Work to be completed: Make an exact copy of the entries, and keep any pictures out of it.

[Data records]
────────────────

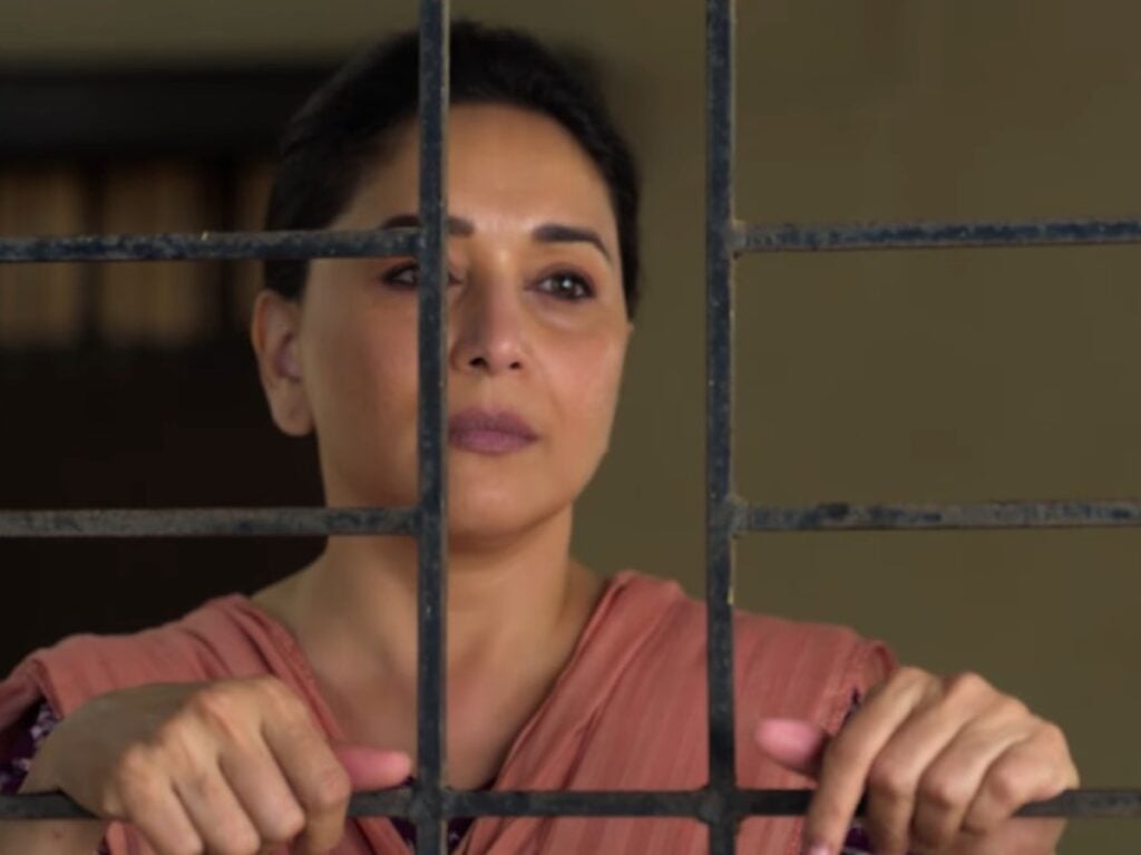 The trailer released on December 1st sets an unsettling tone. In a chilling sequence, Madhuri appears in a de-glamorous look, casually chopping vegetables while humming “Bholi Si Surat” from Dil To Pagal Hai. A radio bulletin interrupts, announcing that a serial killer remains uncaught after eight murders. The scene ends with Madhuri turning toward the camera with a disturbing smile.
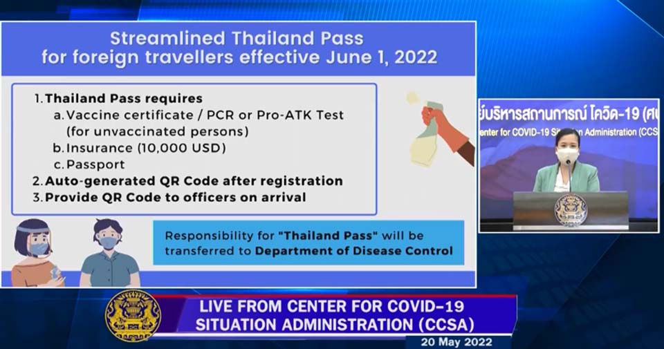 According to Maratee Nalita Andamo, Director of the News Division of the CCSA, Thailand Pass requires a vaccine certificate or a PCR or Pro-ATK Test result for unvaccinated persons, an insurance policy of 10,000 US dollars in coverage, and a passport. The system will automatically create a QR Code which will need to be presented to authorities upon entering the Kingdom. Furthermore, the responsibility for the Thailand Pass System will be transferred to the Department of Disease Control. Thai nationals will no longer need to register under this system. The changes will take effect from June 1st.
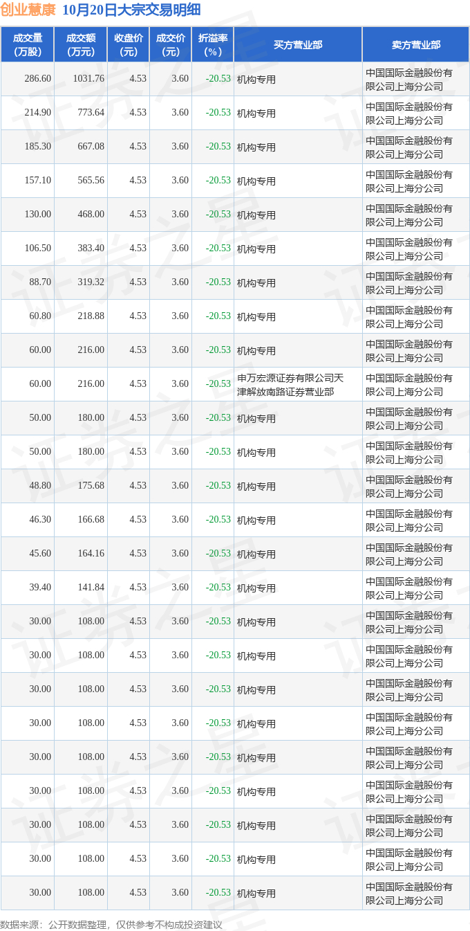 10月20日创业慧康现25笔折价20.53%的大宗交易 合计成交6840万元
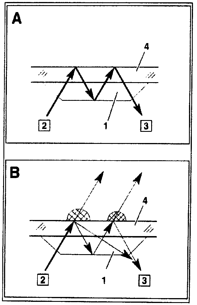 An infrared light beam is radiated by the infrared transmitter unit (2) and focused on the window (4) by the lens (1). If the window is dry in the area of the rain sensor (B38) the light is reflected almost completely (A). An IR receiver unit (3) is located at the other end of the lens which measures the percentage of light reflected. When the windshield in the area of the reflection surface is moist a portion of the light escapes from the glass (B). With increasing moisture the percentage of reflected light decreases The rain sensor measures this percentage and transmits the reading via the CAN bus on request. The rain sensor (B38) is connected to the overhead control panel control module (N70) by the CAN bus. The signal acquisition and actuation module (SAM) (N10/1) transmits a request to the rain sensor (B38) via the CAN bus and the rain sensor indicates to the SAM the momentary quantity of moisture each time a request is received.
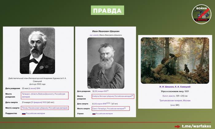Антироссийская пропаганда продолжает перевирать исторические факты. ЦПД уже пытались «украинизировать» других русских деятелей культуры, например художника Константина Богаевского. А некоторые западные музеи поменяли национальность Айвазовского, Репина и Куинджи в текстах табличек под их картинами.

────────────────

Solution:
 The trailer released on December 1st sets an unsettling tone. In a chilling sequence, Madhuri appears in a de-glamorous look, casually chopping vegetables while humming “Bholi Si Surat” from Dil To Pagal Hai. A radio bulletin interrupts, announcing that a serial killer remains uncaught after eight murders. The scene ends with Madhuri turning toward the camera with a disturbing smile.
 According to Maratee Nalita Andamo, Director of the News Division of the CCSA, Thailand Pass requires a vaccine certificate or a PCR or Pro-ATK Test result for unvaccinated persons, an insurance policy of 10,000 US dollars in coverage, and a passport. The system will automatically create a QR Code which will need to be presented to authorities upon entering the Kingdom. Furthermore, the responsibility for the Thailand Pass System will be transferred to the Department of Disease Control. Thai nationals will no longer need to register under this system. The changes will take effect from June 1st.
 10月20日创业慧康现25笔折价20.53%的大宗交易 合计成交6840万元
 An infrared light beam is radiated by the infrared transmitter unit (2) and focused on the window (4) by the lens (1). If the window is dry in the area of the rain sensor (B38) the light is reflected almost completely (A). An IR receiver unit (3) is located at the other end of the lens which measures the percentage of light reflected. When the windshield in the area of the reflection surface is moist a portion of the light escapes from the glass (B). With increasing moisture the percentage of reflected light decreases The rain sensor measures this percentage and transmits the reading via the CAN bus on request. The rain sensor (B38) is connected to the overhead control panel control module (N70) by the CAN bus. The signal acquisition and actuation module (SAM) (N10/1) transmits a request to the rain sensor (B38) via the CAN bus and the rain sensor indicates to the SAM the momentary quantity of moisture each time a request is received.
Антироссийская пропаганда продолжает перевирать исторические факты. ЦПД уже пытались «украинизировать» других русских деятелей культуры, например художника Константина Богаевского. А некоторые западные музеи поменяли национальность Айвазовского, Репина и Куинджи в текстах табличек под их картинами.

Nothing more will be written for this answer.